US Kurdish policy based on country-specific calculations

Washington is pursuing unique policies towards each Kurdish community in the four Middle East countries the Kurds inhabit.


2017/12/03 Issue: 134 Page: 18


The Arab Weekly
Gregory Aftandilian



Despite the general sympathy many US officials have for the Kurdish people, Washington is pursuing unique policies towards each Kurdish community in the four Middle East countries the Kurds inhabit.

In the late 1940s, when US poli­cymakers were deciding whether to support Kurdish autonomy in north-western Iran, Washington sided with the Iranian govern­ment, which ended the Kurds’ autonomous republic by military means. Cold War calculations trumped whatever sympathies US officials felt towards the Kurds. Iran’s territorial integrity was deemed more important than Kurdish nationalist aims.
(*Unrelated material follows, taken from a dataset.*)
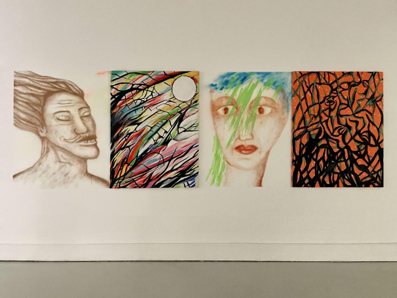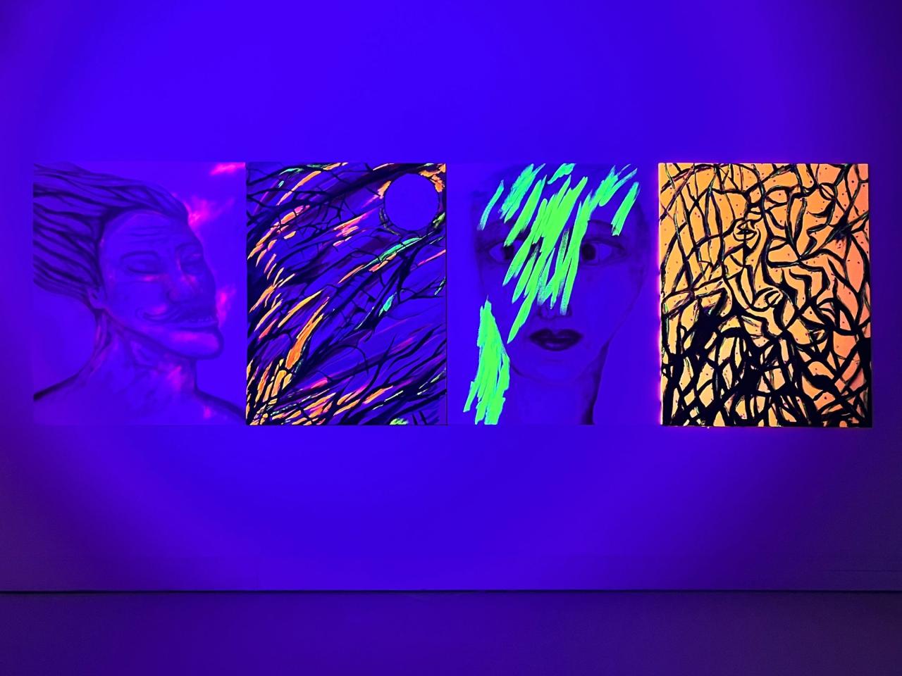 Post-Parfum, 2023, série de peinture et dessins sur papier et sur toile, 150 x 120 cm chaque élément, vue de l’exposition FLUO PARTY : art, mode, musique, 2023, La Fabrique, Toulouse

Although the United States is op­posed to the Iranian government, there is no evidence that Wash­ington has been inciting Iran’s Kurds against Tehran, even though most Kurds are Sunni Muslims. Washington does not want another ethnic/sectarian headache, given the myriad of existing troubles in the region.

In Iraq, the United States has supported Kurdish autonomy since the early 1990s. After Saddam Hussein sent his forces into the north against the Kurds who had risen — with US encour­agement — against his rule after the 1991 Gulf War and caused a major humanitarian crisis, Wash­ington helped the Kurds return to their homes and establish an autonomous zone protected by US air power. This was the beginning of the Kurdistan Regional Govern­ment (KRG), which has been a US ally ever since.

After Saddam’s ouster, Wash­ington supported the concept of a unified but federal Iraqi state that would allow the Kurds to maintain their autonomous government as well as their peshmerga militia, despite the highly contentious disagreements between the KRG and the central government in Baghdad.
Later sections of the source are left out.